Since Portugal’s environmental agency APA gave its conditional approval to the country’s first lithium mine in the rolling hills of Covas do Barroso, citizens have mobilised, promising to defend what is World Agricultural Heritage to the final instance – meaning the very last court in which this issue can be decided.

And while local outrage that majority opinion and ways of life are considered secondary to perceived economic gain, geologist and specialist in lithium Carlos Leal Gomes has been telling Euronews – for a special Green Week of programmes – that the whole ‘political verve for lithium’ could well be delusional.

He stresses in a clip that has also been produced in English (click here), that the significant reserves that have been famously bandied about are “inferred, they are not effective reserves.

“We (hear) a lot of this thing that (Portugal) is the 5th place, 6th place, 8th place (with the largest lithium reserves). But this is exactly the same as saying nothing”, he tells his interviewer. “You only know the place when you start exploring…”

According to Dale Ferguson, CEO of British-based mining company Savannah Resources which has been gunning for its green light at Covas do Barroso for years, “We want to produce around 25 thousand tons of lithium hydroxide, which is enough material to make batteries for around 500 thousand new electric vehicles per year”.

Quite apart from this being impossible (as Savannah itself has conceded the mine will have a limited life span of potentially only 17 years; other expert opinion points to roughly 10), Carlos Leal Gomes warns these numbers “are only indicative, because the calculated proven reserves are actually very few (…) As a possible mine for the production of lithium concentrates, it is nothing extraordinary, not even in terms of the quantity of reserves, nor in the ores.

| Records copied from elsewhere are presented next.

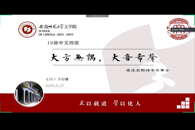 为进一步加深同学们对中国传统文化和道家哲学的理解,增强学生对专业课的学习兴趣,充实专业知识。2019级中国语言文学类4班利用网络视频会议举行了“大方无隅,大音希耳”老庄主题线上读书分享会。本次读书分享会由班委会筹划组织,必赢线路检测3003no1教授项念东老师应邀出席分享会,团支书李冒璠主持,四班全体同学准时参加。
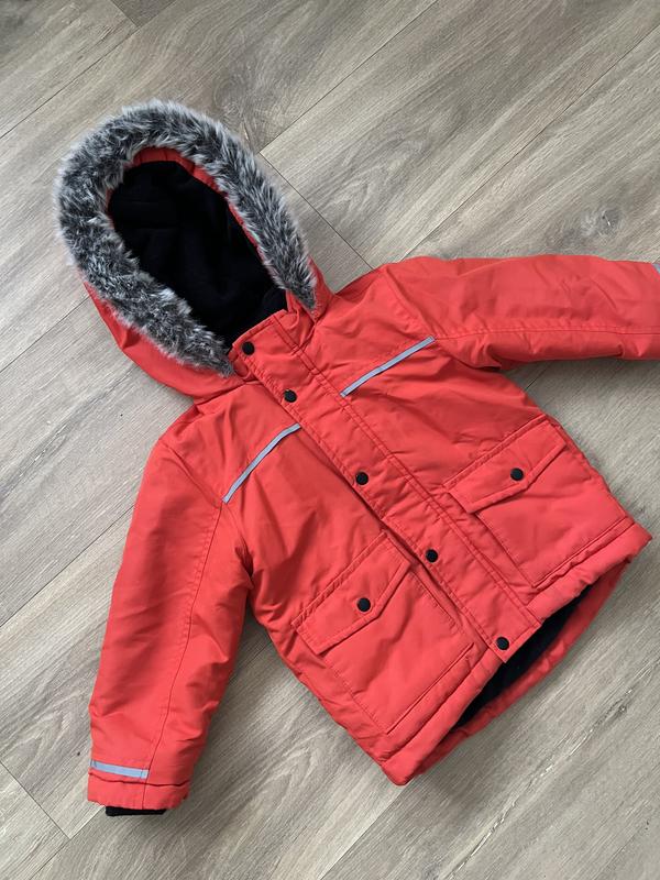 Теплая, на флисе куртка Matalan в красивом оранжевом цвете. Смотрится очень стильно! Размер 1,5-2 рочки. Состояние идеал, без нюансов.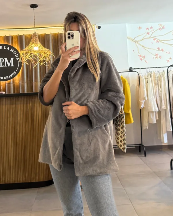 Tapado Ivana W confeccionado en piel sintética de alta calidad con un acabado aterciopelado ultra soft color gris visón. Corte de estilo oversize, ideal para usar sobre otras capas sin perder la elegancia. Cuenta con solapas clásicas y un sistema de cierre discreto con botones a presión forrados, manteniendo una estética limpia y minimalista. Su tono gris visón se adapta fácilmente a outfits casuales con jeans o looks más formales de noche. Totalmente forrado en su interior. Combinalo con unos jeans rectos y botas cortas para un estilo urban chic, o llevalo sobre un vestido para una salida nocturna.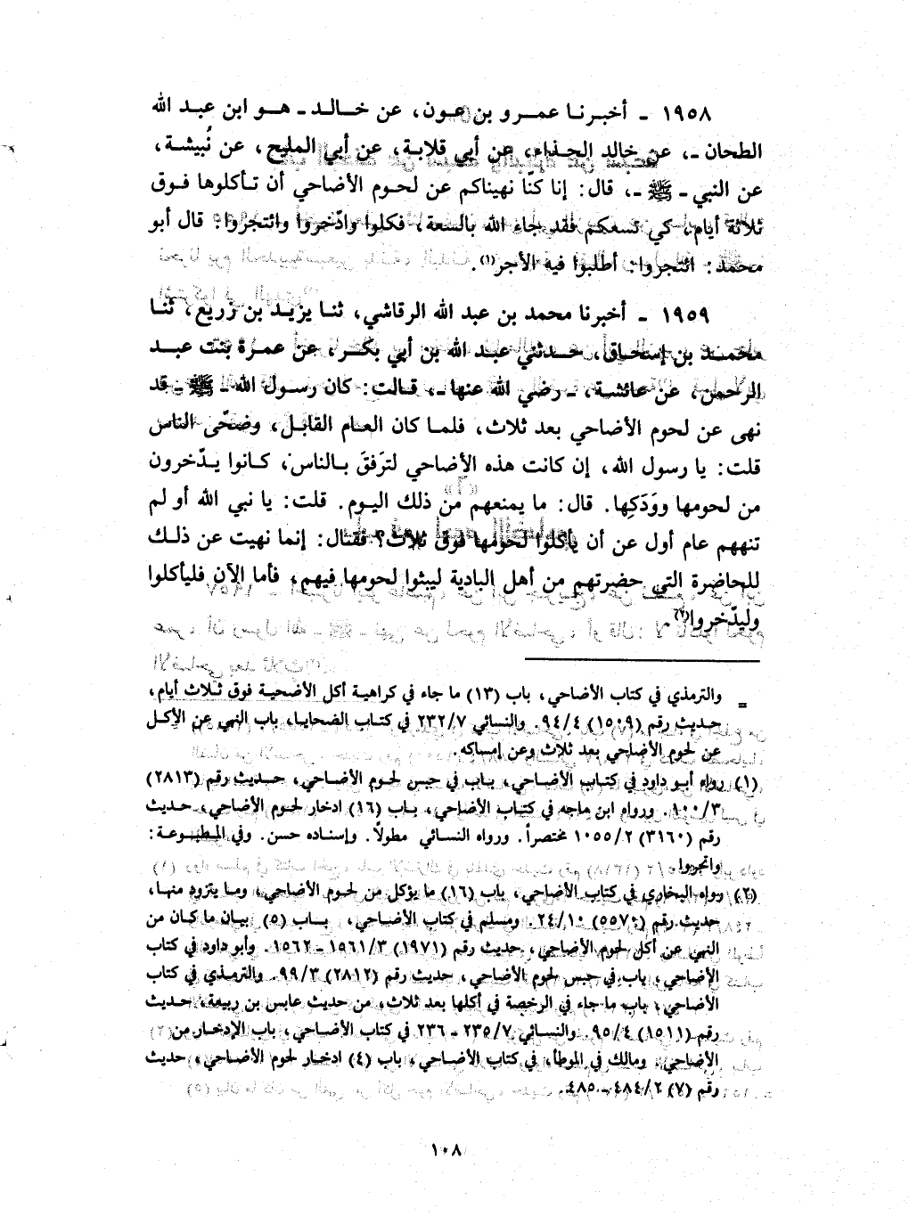 1958 - أخبرنا عمرو بن عون عن خالد هو بن عبد الله الطحان عن خالد الحذاء عن أبي قلابة عن أبي المليح عن نبيشة عن النبي صلى الله عليه و سلم قال : إنا كنا نهيناكم عن لحوم الأضاحي ان تأكلوها فوق ثلاثة أيام كي تسعكم فقد جاء الله بالسعة فكلوا وادخروا واتجروا قال أبو محمد اتجروا اطلبوا فيه الأجر

Especially in the ores that it has”, he adds. “The ores are not the best. It will take a lot of work in technical and technological terms”.

There are also the arguments (now much more widely accepted) that electric vehicles almost certainly are not the answer. 

Perhaps the most popular recent explanation as to why having come from  car buff/ comedian Rowan Atkinson who himself embraced the concept of EVs, until he realised their limitations (click here)

Operators like Savannah do not agree with Rowan Atkinson’s view, nor have they been put off by the determination of the populations of Covas do Barroso.

“We’ve spent many millions of dollars doing all the testing and we can confirm, through all that work and the last 30 or 40 years of development around spodumene (lithium concentrate), that spodumene can be removed from rock very effectively. It’s a very simple process”, Dale Ferguson assures Euronews.

Be that as it may, Carlos Leal Gomes’ warnings are not the only ones from the scientific community. There have been others, particularly from former environmental secretary (PSD) and university professor Joaquim Poças Martins who is adamant that “Batteries won’t be the solution (…) It is simply not possible: there aren’t enough materials in the earth for this effect”.

Martins told Lusa last year, that in his opinion the way forwards is hydrogen. “Everything is pointing more towards hydrogen as a form of storing energy than batteries”.

In “half a dozen years”, he warned, lithium deposits identified in Portugal may well have run dry. Then “we will have a serious problem” – not least because of the destruction the lithium mining itself will have created.

“On the other hand, so-called green hydrogen can be produced, and when it burns the final product is water, not carbon dioxide”.

Thus APA’s ‘green light’ for what has been a very political metal in recent years is not daunting opponents who believe right, sense and sustainability is on their side.

Nélson Gomes, one of the leading lights in the “Associação Unidos em Defesa de Covas do Barroso’ has told reporters “the battle has only just begun”.

In Gomes’ mindset, the political mantra that lithium is vital for decarbonisation simply doesn’t wash. “We do not understand how, in order to clean up pollution, we have to destroy forests, the environment, water courses and the lives of the people who live here,” he told Euronews.

The United in Defence of Covas do Barroso association has the full support of its local municipality.